The German coach of the Lokomotiv Moscow football club resigns in protest at the invasion of Ukraine

The German coach of the Russian football club Lokomotiv Moscow, Markus Gisdol, has resigned from his post in protest against the Russian invasion of Ukraine. However, the top flight club said he had been sacked from the head coaching role.

In a statement published by German newspaper Bild, Gisdol said he was forced to take action after witnessing what was happening in Ukraine, Reuters news agency said.

“I cannot pursue my calling in a country whose leader is responsible for a war of aggression in the middle of Europe,” said Gisdol, 52.

“That doesn’t correspond to my values, which is why I resigned from my position as coach with immediate effect.

“I can’t stand on the training ground in Moscow, train the players, demand professionalism and give orders a few kilometers away that cause great suffering to a whole people. That is my personal decision and I am absolutely convinced of it.”

HE WAS RELEASED, SAYS RUSSIAN CLUB

Lokomotiv Moscow took to social media to say the German tactician had been fired from the role.

“Markus Gisdol has been sacked from the post of head coach at FC Lokomotiv. The club and team are working as usual and are focused on getting the maximum results in the upcoming games,” said Lokomotiv.

The German coach Gisdol, who had previously spent his entire playing and coaching career in his home country, most recently with Cologne, was in charge of the club for twelve games.

Gisdol’s decision comes a day later FIFA and UEFA suspended Russia Senior national teams and the Russian clubs from all competitions until further notice.

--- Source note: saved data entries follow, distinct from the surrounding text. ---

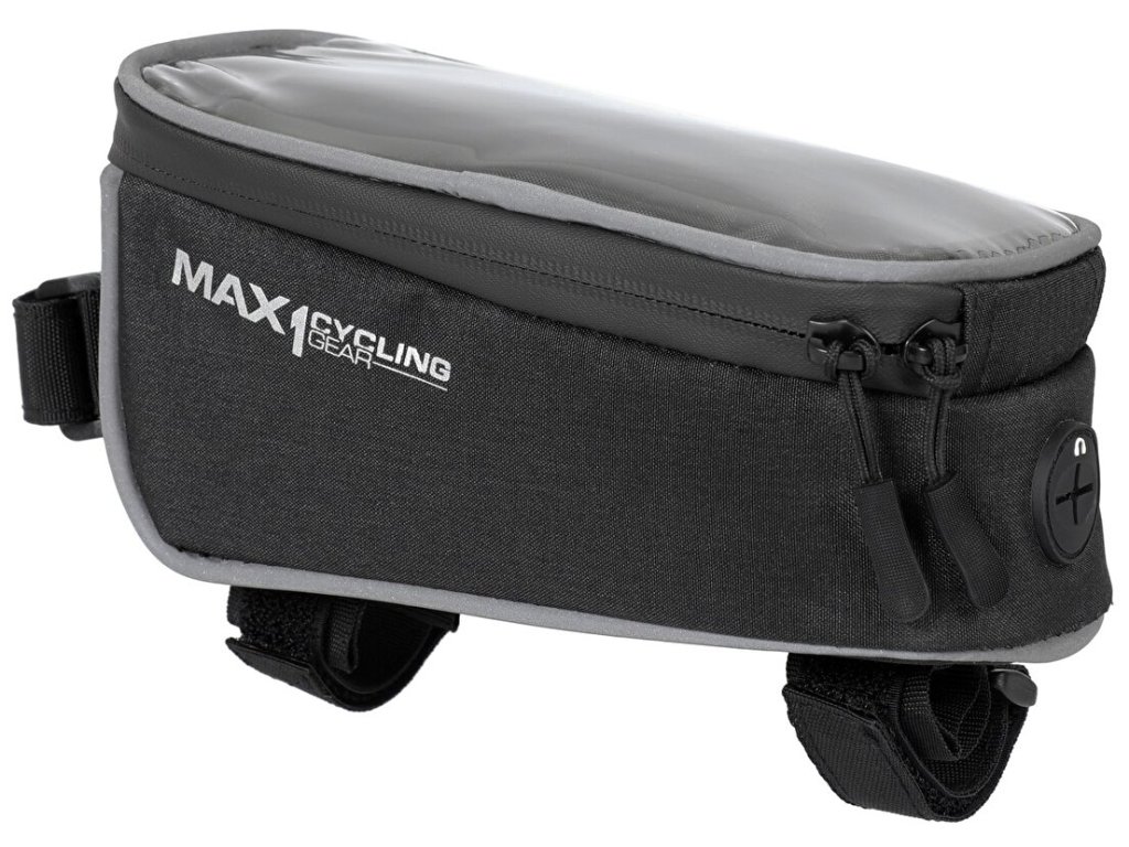 Kompaktní brašna MAX1 na rámovou trubku s kapsou uzpůsobenou pro mobilní telefon.Gumová membrána pro umístění sluchátek ve spodní části brašny. Pasuje na většinu standardních rámů.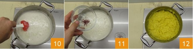 e cozinhe por 25 minutos mexendo de vez em quando em fogo médio 10, a mistura nunca deve ferver, caso contrário o líquido secará muito rápido. Após o tempo indicado, adicione os pistilos de açafrão 11, guardando alguns para a decoração, e continue mexendo de vez em quando, deixando cozinhar por mais 25 minutos. No total, o arroz doce cozinhará por cerca de 50 minutos: no final do cozimento, deverá estar macio e cremoso, mais ou menos como um pudim 12.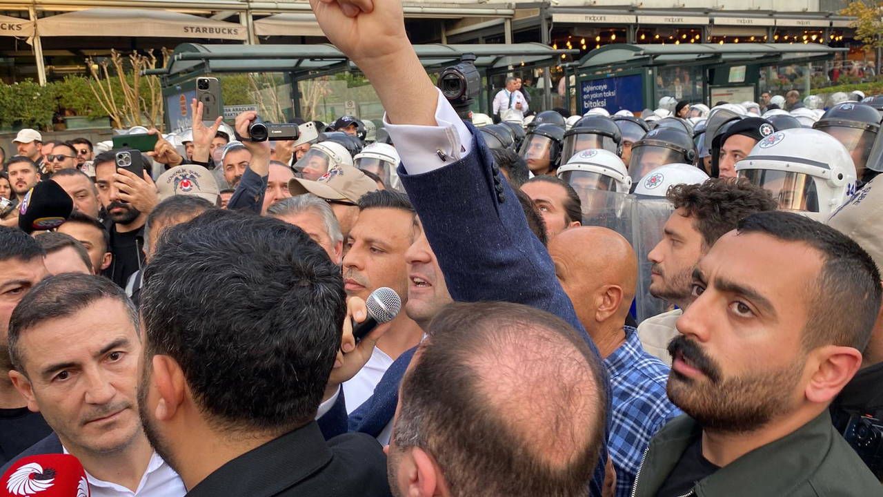 Özgür Çelik, açıklamasında şunları söyledi: “Biz burada bir metin okuyacaktık. TRT’nin önünde bazı taleplerimizi dile getirecektik. Yargılamalar canlı yayımlansın. Daha iddianamenin girişine bakıyorsun, seçim kazanmak suç sayılıyor. İBB Başkanlığı’na seçilmeyi suç sayıyor. Duruşmalar canlı yayınlansın, millet de gerçekleri görsün. Hepimizin vergileriyle ayakta duran bir kurum olan TRT, sanki bir siyasi partinin yandaş kanalı gibi davranmasın diyoruz. Bunları söylemek için buradayız. Niye engelliyorsunuz?”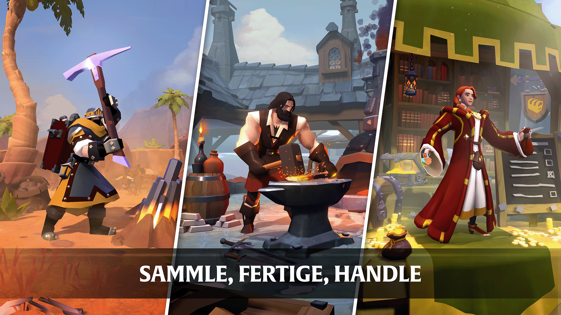 SPIELERBETRIEBENE WIRTSCHAFT: Von den grundlegenden Werkzeugen und Kleidungsstücken bis zur mächtigen Rüstung und den stärksten Waffen, praktisch jeder Gegenstand im Spiel wird von Spielern hergestellt, in von Spielern erbauten Gebäuden mit Ressourcen, die von Spielern gesammelt wurden. Kaufe, verkaufe und handle auf lokalen Handelsplätzen in der ganzen Welt von Albion. Produziere seltene und mächtige Gegenstände, verkaufe sie an den Höchstbietenden und steigere deinen Reichtum.
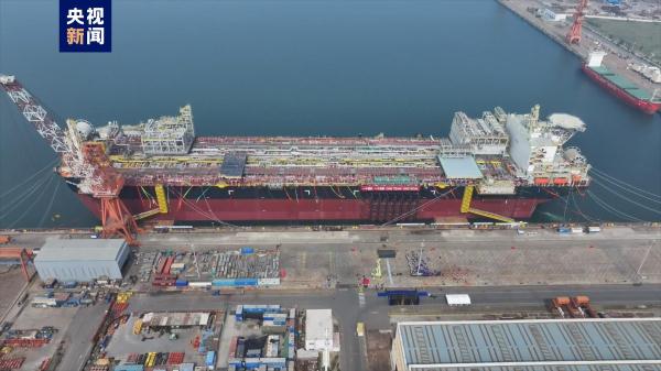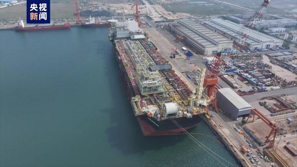 據央視新聞客戶端報道,浮式生產儲卸油船是開採深海油氣資源的高端大型海洋工程裝備,可實現海上石油、天然氣等能源的開採、加工、儲存、外運,被稱為“海上石油加工廠”。今天交付的M350型浮式生產儲卸油船,總長364米、型寬64米、型深33米、排水量46萬餘噸,是目前世界上最大尺度的浮式生產儲卸油船。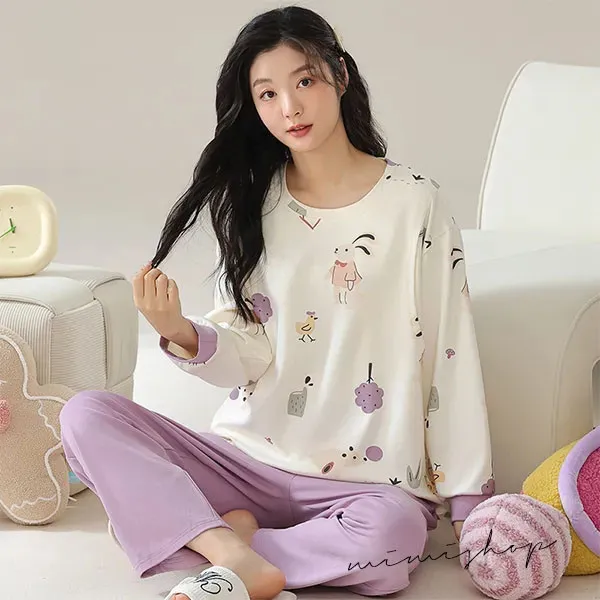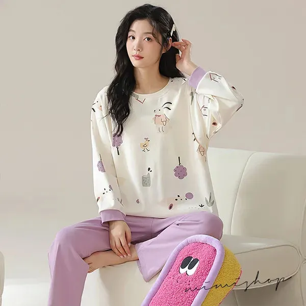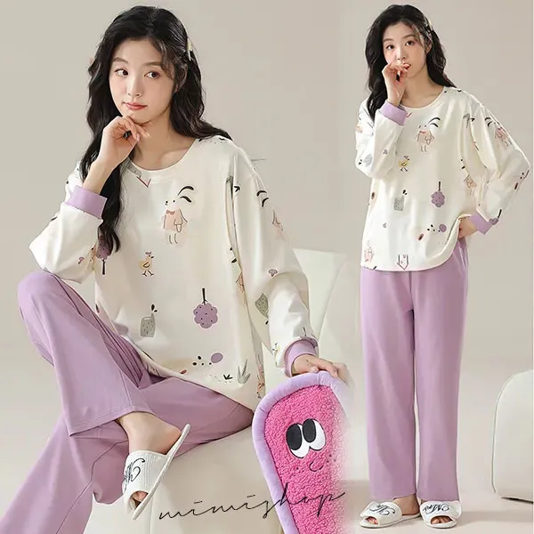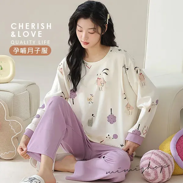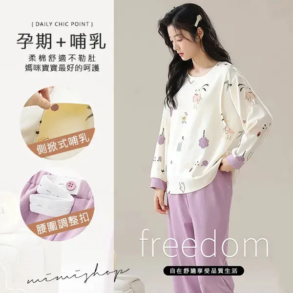 【P21393】小雞好朋友 舒適棉哺乳衣+長褲 哺乳睡衣 居家坐月子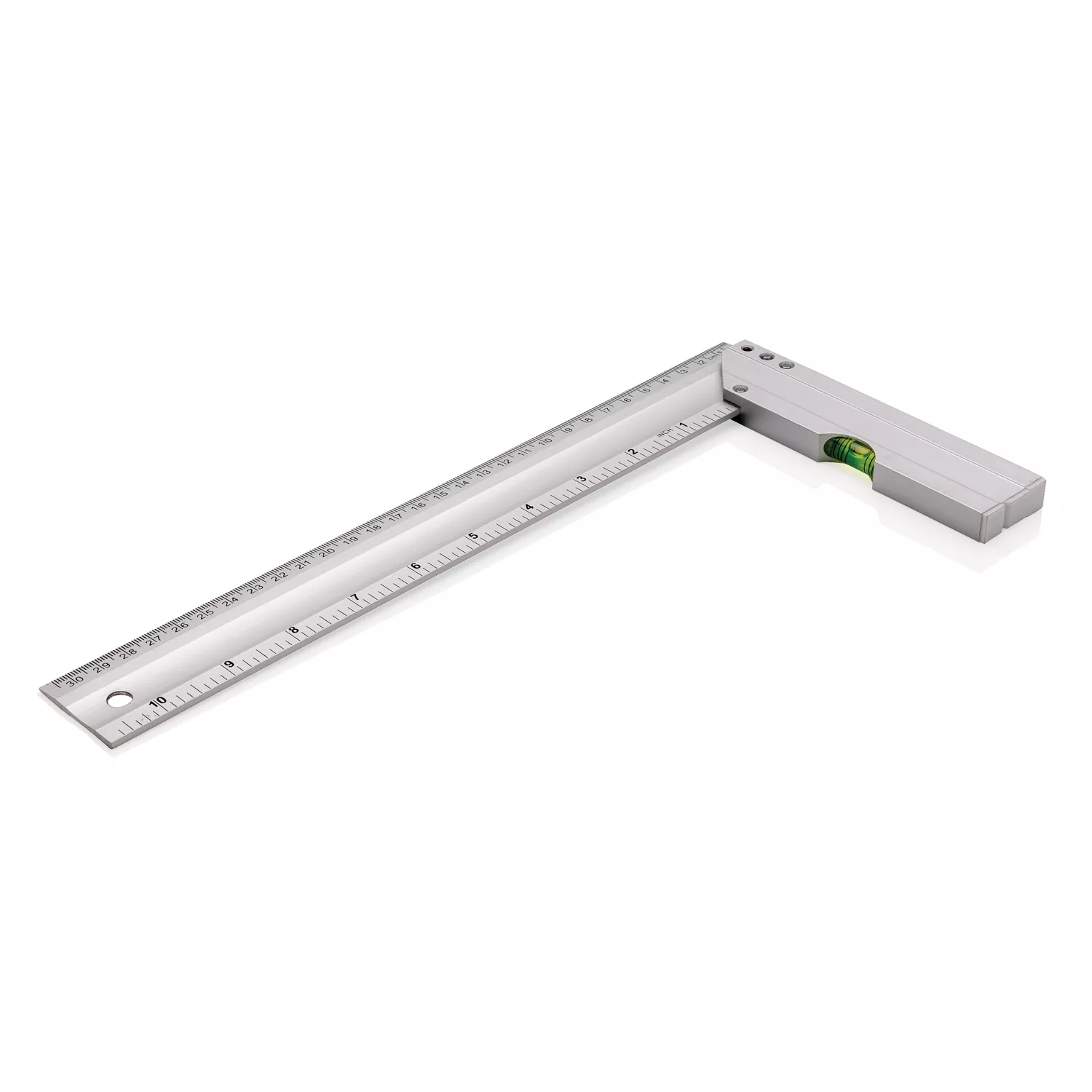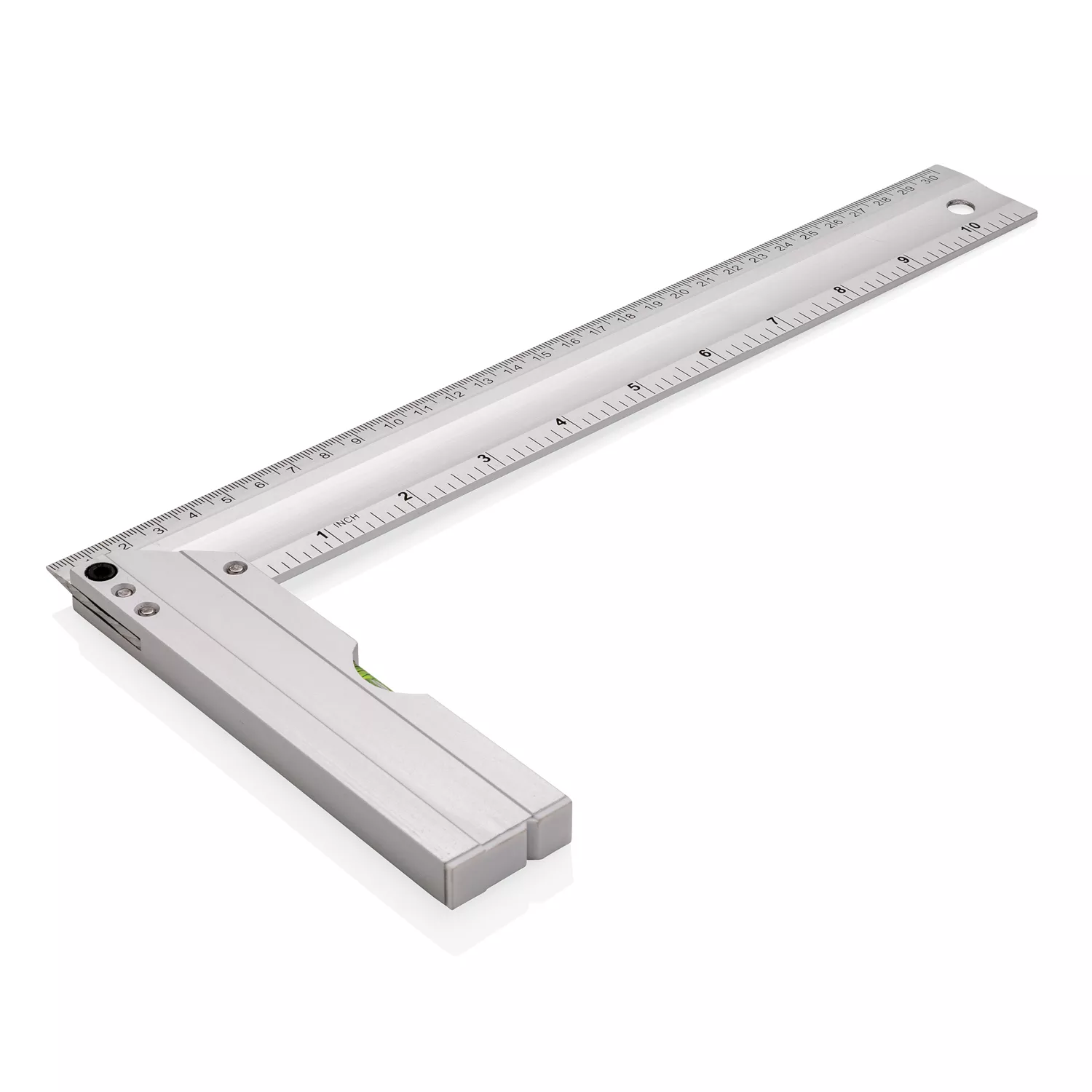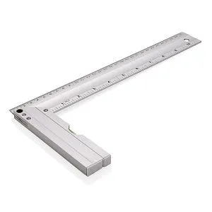 Настоящим профессионалам своего дела обязательно пригодится прямоугольная линейка с уровнем. Она подходит для черчения квадратов и измерения углов, имеет двухстороннюю печать: на одной стороне указаны сантиметры, на другой — дюймы. Длина линейки 30 см (10 дюймов). Точность уровня — 0,5 см. Изготовлена из алюминия.
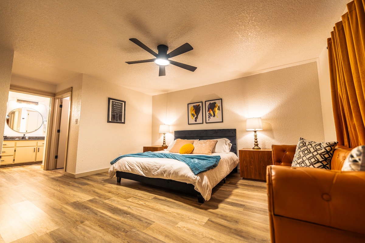 THIS IS A DUPLEX. Very quiet 3 bed 2 full bath offers unique private front courtyard, and back outdoor living room with TV & grill. Modern interior filled with art. Open living/dining/kitchen. Primary bedroom suite features KING size bed, 55” Smart TV, and spacious bathroom with walk-in shower. Secondary bedroom features KING size bed and TV. Perfect location minutes to restaurants and shopping. Out of town guests only. Easy access to all major interstates. Pets allowed ($40 per stay. )

Spartak Moscow, Russia’s only club still in the Europa League, will no longer compete in European competition. Lokomotiv was also in the Europa League, but finished last in the group.

Earlier in the day, Spartak Moscow said it was upset by UEFA and FIFA’s decision, adding that “even in the most trying times, sport should aim to build bridges, not tear them down”.

RB Leipzig were due to play Spartak Moscow in the first leg on March 10th and the second leg on March 17th. However, these games were cancelled.